▶ **Data shown**
= = = = = = =
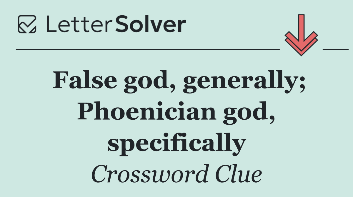We specialize in solving many of your favorite puzzles, including the New York Times, USA Today, LA Times, Daily Themed Crosswords, and more. The "False god, generally; Phoenician god, specifically" clue from the Telegraph Cross Atlantic puzzle, March 24 edition, is one such example.
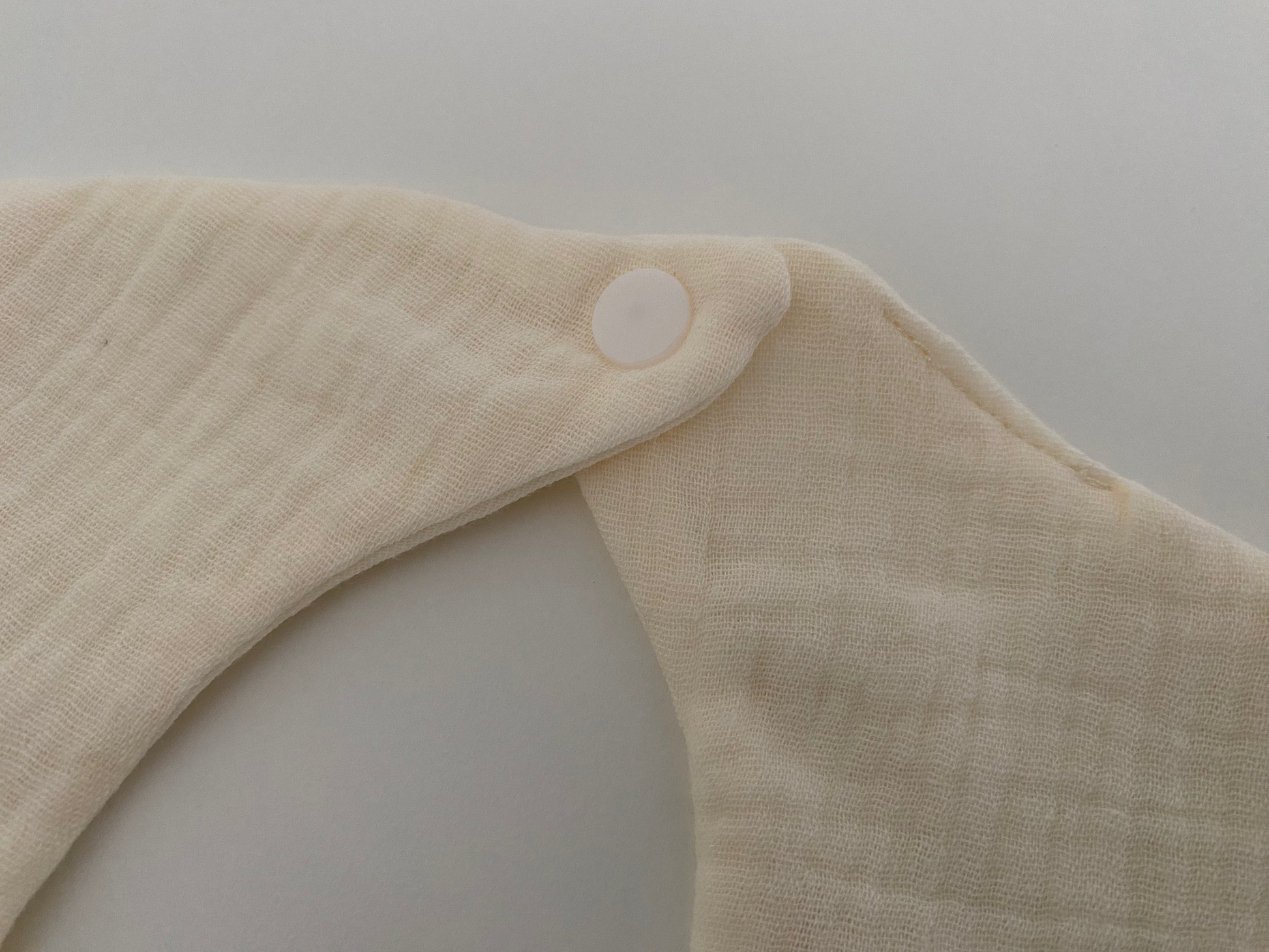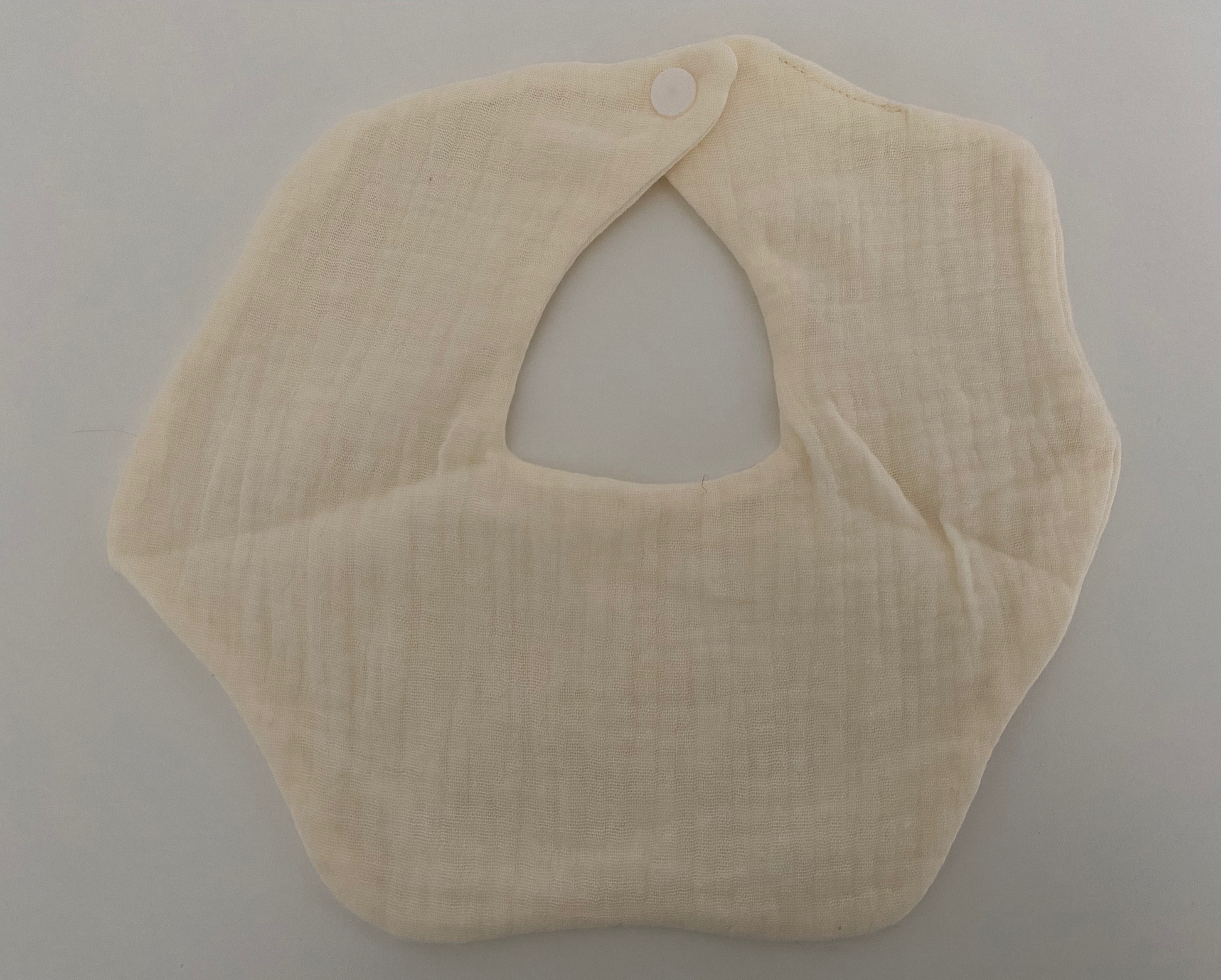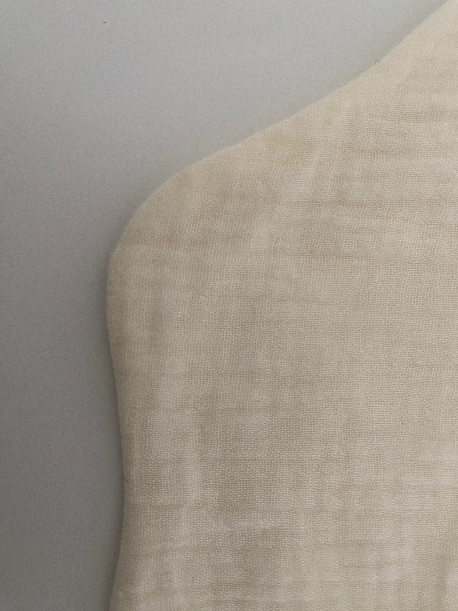 Råhvid hagesmæk i musselin, blød og behagelig.
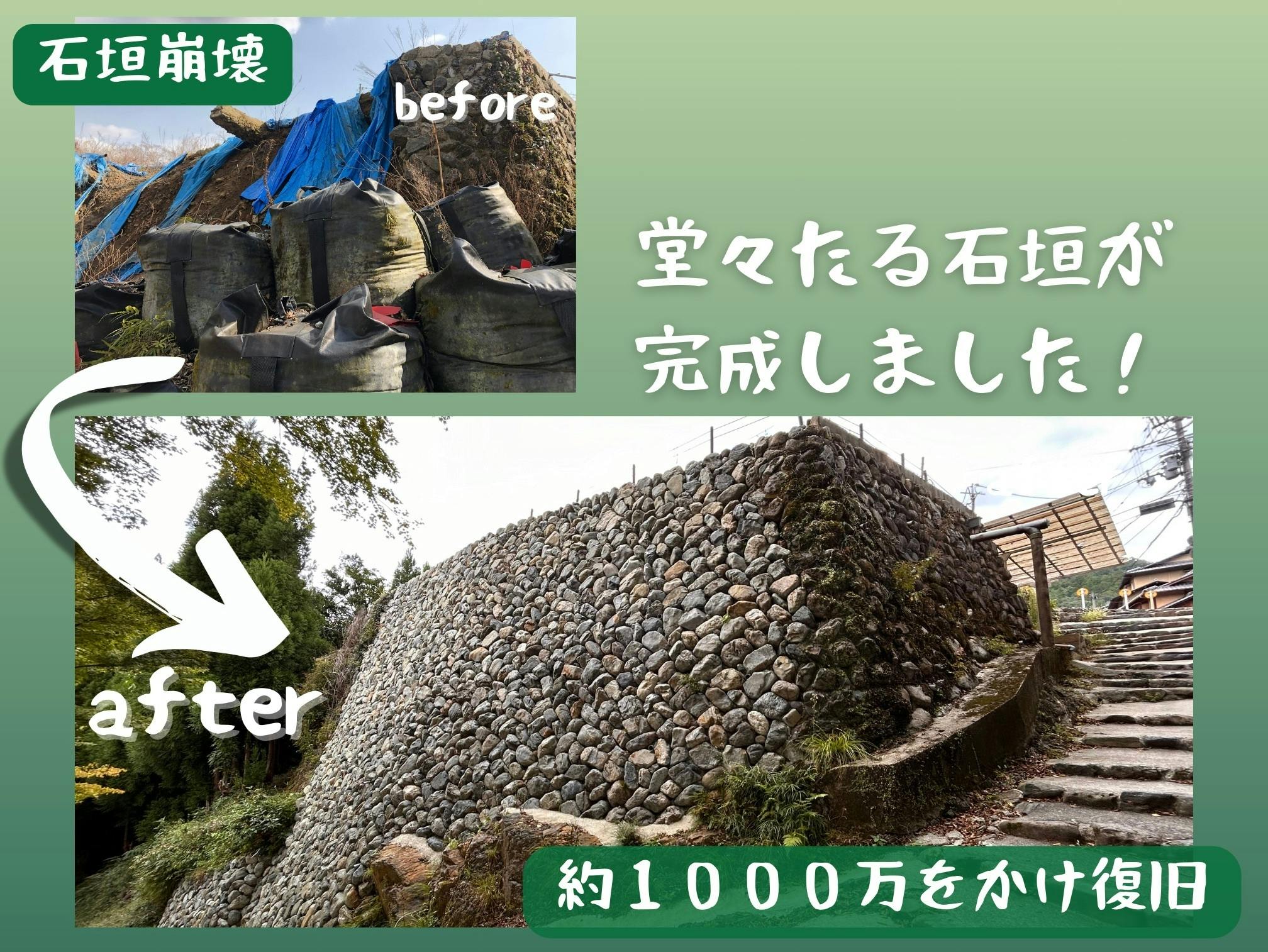 石垣は、神護寺に続く参道を半分塞ぐように崩れていたため、早急に復旧する必要があり、父が約1000万をかけて復旧しました。
= = = = = = =
▶ **What the exercise asks**
Produce an exact copy of the lines from the line with "Råhvid hagesmæk i" through the last line of the data above, both ends included. No pictures belong in it.

▶ **Answer area**
 Råhvid hagesmæk i musselin, blød og behagelig.
 石垣は、神護寺に続く参道を半分塞ぐように崩れていたため、早急に復旧する必要があり、父が約1000万をかけて復旧しました。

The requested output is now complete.